Algebra universalis

, 80:23

Monomial clones over $$\mathbb {F}_q$$

Open Access
Article

Abstract

The description of the poset of clones generated by a single binary idempotent monomial over $$\mathbb {F}_q$$ is given by purely number theoretic means.

Keywords

Finite fields Clone Monomial clone Idempotent clone Congruences Chinese Remainder Theorem

08A40 11A07

1 Introduction

Let q be a prime power and let $$\mathbb {F}_q$$ denote the q element field. Every n-variable polynomial over $$\mathbb {F}_q$$ defines a polynomial function over $$\mathbb {F}_q$$, and every n-variable function is uniquely expressed as an n-variable polynomial of “low” degree. A clone is a subset of functions over $$\mathbb {F}_q$$ which contains all projections and closed under composition of functions. For more on clone theory, we refer the reader to [1, 2].

As substructures in general, clones over a set S can be ordered with respect to inclusion and they form a partially ordered set. In  all binary polynomials are given over the field $$\mathbb {F}_3$$ that generate a minimal clone. A polynomial will be called a minimal polynomial if it generates a minimal clone. In  a description of minimal linear polynomials and binary minimal monomials were given. The investigation was extended in  to the case of ternary majority minimal polynomials over $$\mathbb {F}_3$$. Recently in  the closed sets of binary monomials were investigated and the corresponding posets over $$\mathbb {F}_2$$, $$\mathbb {F}_3$$ and $$\mathbb {F}_5$$ were described. The investigation was further developed in , where it was shown that over the field $$\mathbb {F}_q$$ the poset of all closed sets of the unary and binary monomials generated by $$xy^b$$ is isomorphic to the lattice of divisors of $$q-1$$. The description of all clones generated by a single binary monomial was formulated as an open problem. In this paper we answer their question (Theorem 2.4 in Section 2).

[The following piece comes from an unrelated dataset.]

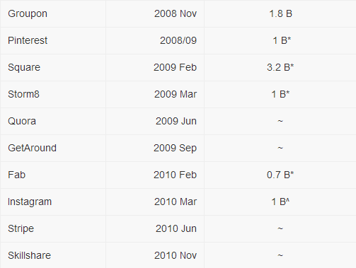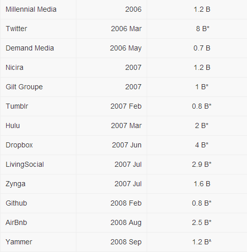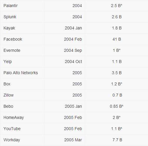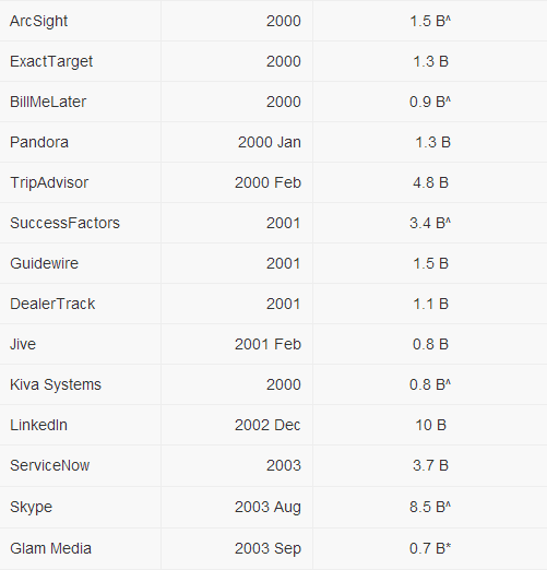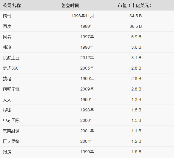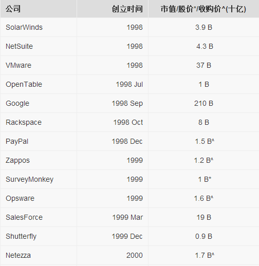 原文作者Min Ming,毕业于斯坦福大学,是人机交互专业的理科硕士,先后在谷歌总部,谷歌中国(北京),微软实习。这篇文章来源于他的博客,以下是文章直译:Ron Conway是硅谷著名天使投资人,是Google最早期的投资者之一,他曾经说过:“每3个月就会有一家上十亿的公司出现,现在,已缩短至两个月了。”我终于得到一个机会来整理这些“10亿美元的”公司,我尽力保证这些公司都是软件技术企业,在此同时,我也引入了一些近10亿市值的公司(含7亿美元以及以上的公司)。 我应该再次强调,这些企业大多数都是美国的软件公司,当然若加上中国的部分企业,这张表会变得更长。每年都会有价值40亿美元的软件公司出现,不过在2000年-2002年是一个“饥荒之年”,当然也是事出有因,在此期间,美国的互联网泡沫破灭,很多互联网企业都受到了影响,这一状况在2013年年底才得到改善(Skype),2004年互联网企业再次进入的发展的黄金时代(Facebook, Palantir, Yelp, Evernote) 留心一下互联网企业的发展,我们会发现,三个月足以打造一个10亿市值的企业。这也意味了,在2011年至2012年之间,还会有8个公司将会成为新的大企业,也许他们现在很年轻,但随着时间的发展,他们会展示自身的价值,我也看好了几个在2009年和2010年之间的初创企业。Google Docs会不断进行更新,同时十分感谢phreeza (HN)。 备注:* 股价是来源于华尔街的最新数据 ^ 收购价是指最后一次收购的价值(就像Skype被收购了数次) 这里也包含了一些初创公司,他们都有很大的机会成为上10亿的企业。当然很难把所有的准确数据都罗列出来,后续还会进行更新。 后记: 我在新浪科技上查找了一些资料,收集了中国互联网企业在美国上市的情况,它们的市值和创立时间如下表: * 备注:数据可能有少许的出入,比如说市值一直在有变化,同时也进行了一些四舍五入的处理,以便与美国的互联网企业做对比。其中腾讯在香港上市,市值是5000.7亿港币,换算的话是645.2亿美元。 对比一下非常明显的看到,中国的互联网企业大都是老牌的“玩家”,虽然优酷土豆今年刚刚建立,但大家都知道他们的背景,绝对不算是“新生力量”,而国外的话,我们会看到很多新背影,比如说Facebook、YouTube、Twitter、Instagram都是在2004年以后才建立的,这点的确值得我们深思。 虽然原文主要是对事实的描述,但我还是欣喜的看到很多公司都涉及云计算产业,Google作为“云计算”的鼻祖,市值已达到2200亿美元,虽然Google不像很多其他的云计算供应商(如阿里云)那样进行铺天盖地的宣传,但没人敢小瞧Google在云计算行业的地位,记得上次Google在公开了数据中心的街景视图时,就引起了很大的轰动,甚至目前在大数据领域混的风生水起的Hadoop也是借鉴了Google的MapReduce分布式处理技术。在云计算领域,我们重点关注的几个公司Facebook、VMware(虚拟化)、Dropbox(云存储)都赫然在列,相信随着云计算的发展,未来他们能走的更远。 上一条: 腾讯公布云计算战略:风暴即将来袭 下一条: 主导未来城市发展:云计算

A binary monomial over $$\mathbb {F}_q$$ is a polynomial of the form $$x^ay^b$$ for some positive integers ab and the corresponding binary monomial function is $$(s;t) \mapsto s^at^b$$ for any $$s,t\in \mathbb {F}_q$$, as usual. In this paper we shall be interested in binary monomial functions, so for simplicity we write $$x^ay^b$$ for the function determined by the polynomial $$x^ay^b$$, as well. Note, that the function $$x^ay^b$$ over $$\mathbb {F}_q$$ is the same as $$x^{a+q-1}y^b$$ or $$x^ay^{b+q-1}$$, since $$x \mapsto x^q$$ is the identity function. Therefore, in the paper we mainly will be interested in the modulo $$q-1$$ residues of the exponents of binary monomials. The modulo $$q-1$$ residues will be mostly taken from the set $$\left\{ \,1, \dots , q-1\,\right\}$$.

A binary monomial clone $$\mathcal {C}$$ contains the functions x, y, and binary monomials such that $$\mathcal {C}$$ is closed under function composition and permutation of the variables. That is, if $$x^a y^{a'}, x^by^{b'}, x^sy^{s'} \in \mathcal {C}$$ for some nonnegative integers a, $$a'$$, b, $$b'$$, s, $$s'$$, then
\begin{aligned} \left( x^a y^{a'} \right) ^s \left( x^by^{b'} \right) ^{s'} = x^{as+bs'} y^{a's+b's'} \in \mathcal {C}. \end{aligned}
(1.1)
Furthermore, if $$x^ay^{a'} \in \mathcal {C}$$, then $$x^{a'}y^a \in \mathcal {C}$$ by permuting the variables x and y.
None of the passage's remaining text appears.